START Raw data

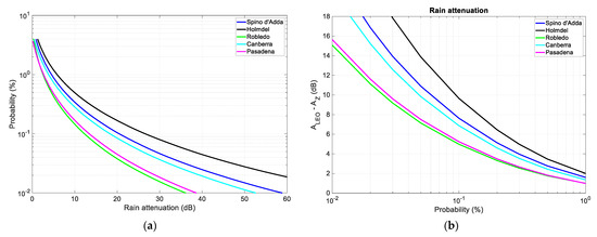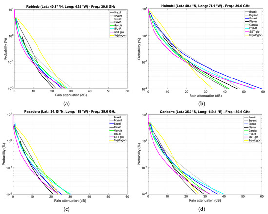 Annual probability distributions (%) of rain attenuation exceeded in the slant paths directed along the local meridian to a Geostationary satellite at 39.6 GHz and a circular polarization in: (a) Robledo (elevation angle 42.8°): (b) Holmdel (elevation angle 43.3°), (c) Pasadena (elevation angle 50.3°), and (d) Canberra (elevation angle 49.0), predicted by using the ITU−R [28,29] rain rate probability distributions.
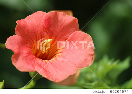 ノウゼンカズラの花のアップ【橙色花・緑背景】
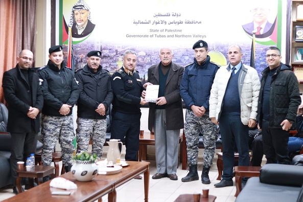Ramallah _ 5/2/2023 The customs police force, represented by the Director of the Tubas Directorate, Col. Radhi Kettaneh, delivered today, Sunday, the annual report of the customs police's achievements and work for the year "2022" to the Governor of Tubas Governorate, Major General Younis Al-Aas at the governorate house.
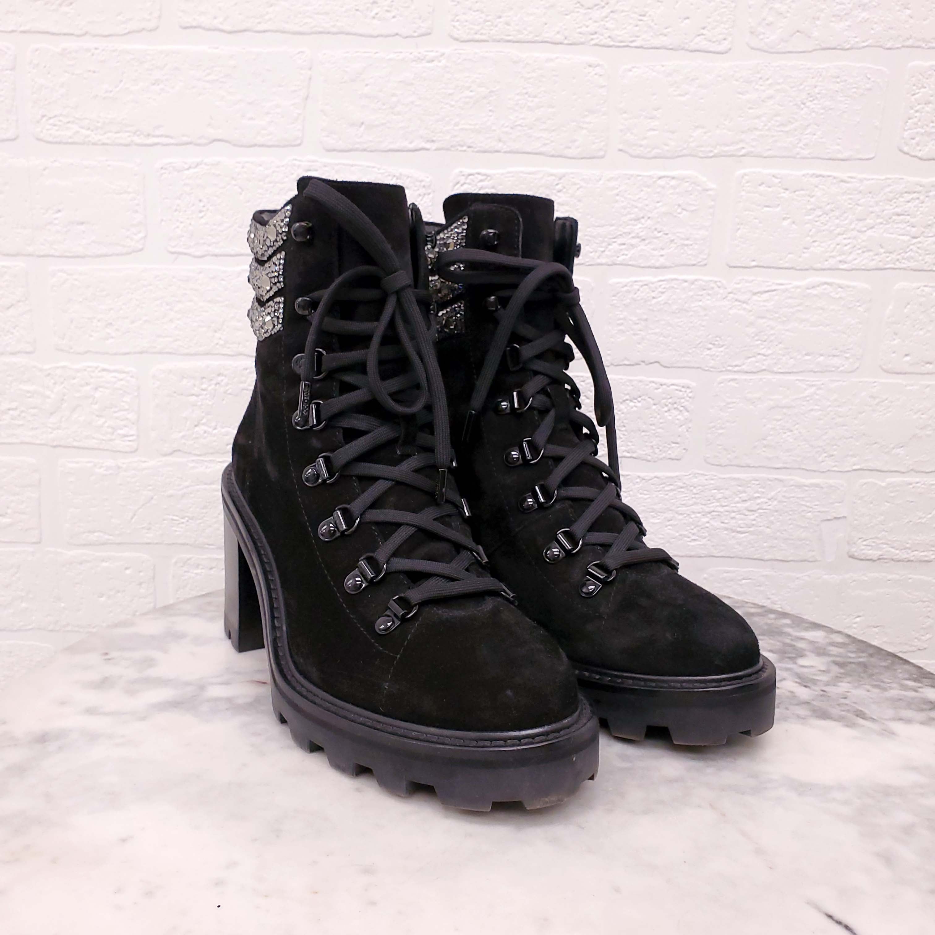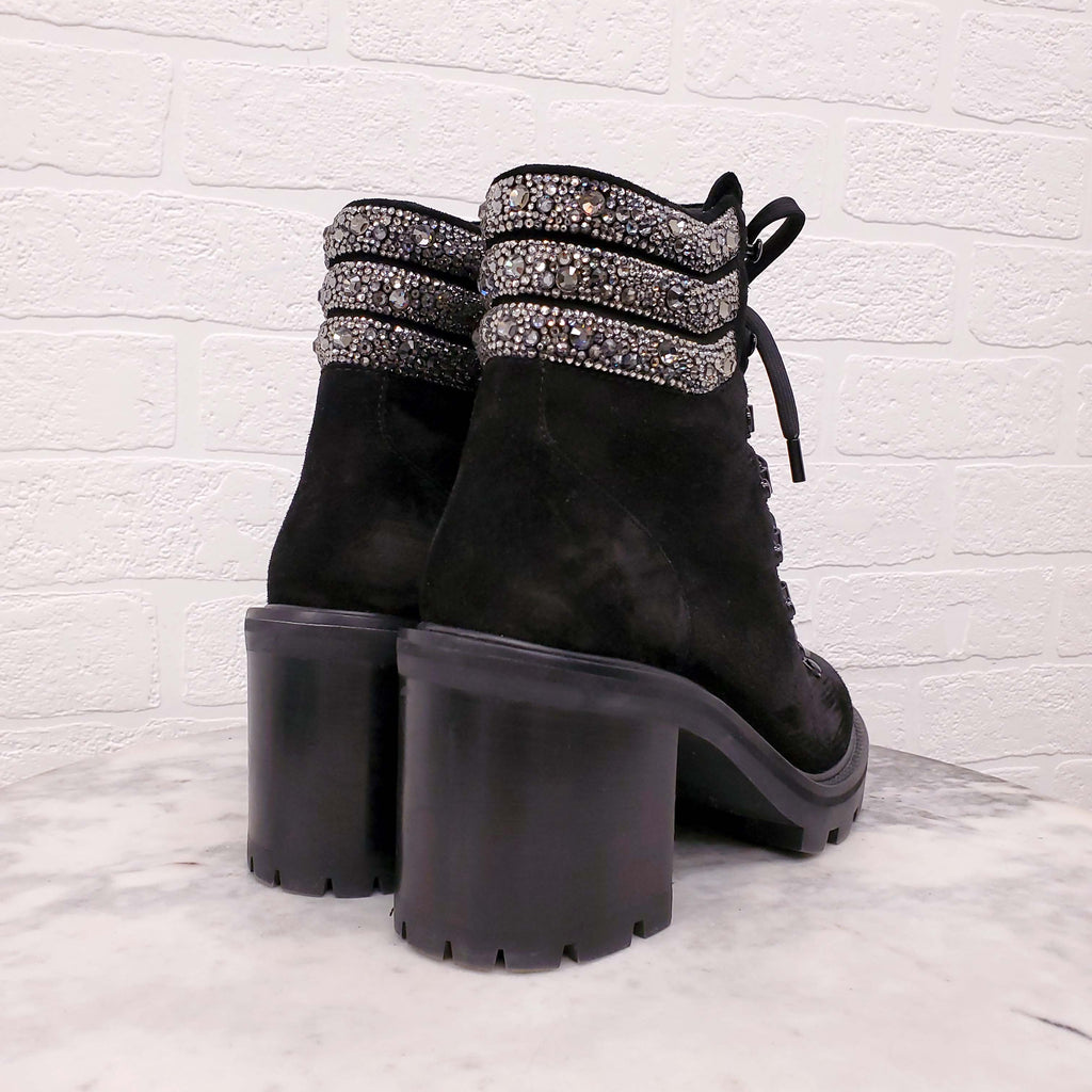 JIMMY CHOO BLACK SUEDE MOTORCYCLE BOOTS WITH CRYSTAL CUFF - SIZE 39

END Raw data

* _Task to carry out_: The lines wanted are those from the start of the material above through the line with "ノウゼンカズラの花のアップ【橙色花・緑背景】", both included; print them exactly and skip any picture.

* _Answer for this exercise_:
 Annual probability distributions (%) of rain attenuation exceeded in the slant paths directed along the local meridian to a Geostationary satellite at 39.6 GHz and a circular polarization in: (a) Robledo (elevation angle 42.8°): (b) Holmdel (elevation angle 43.3°), (c) Pasadena (elevation angle 50.3°), and (d) Canberra (elevation angle 49.0), predicted by using the ITU−R [28,29] rain rate probability distributions.
 ノウゼンカズラの花のアップ【橙色花・緑背景】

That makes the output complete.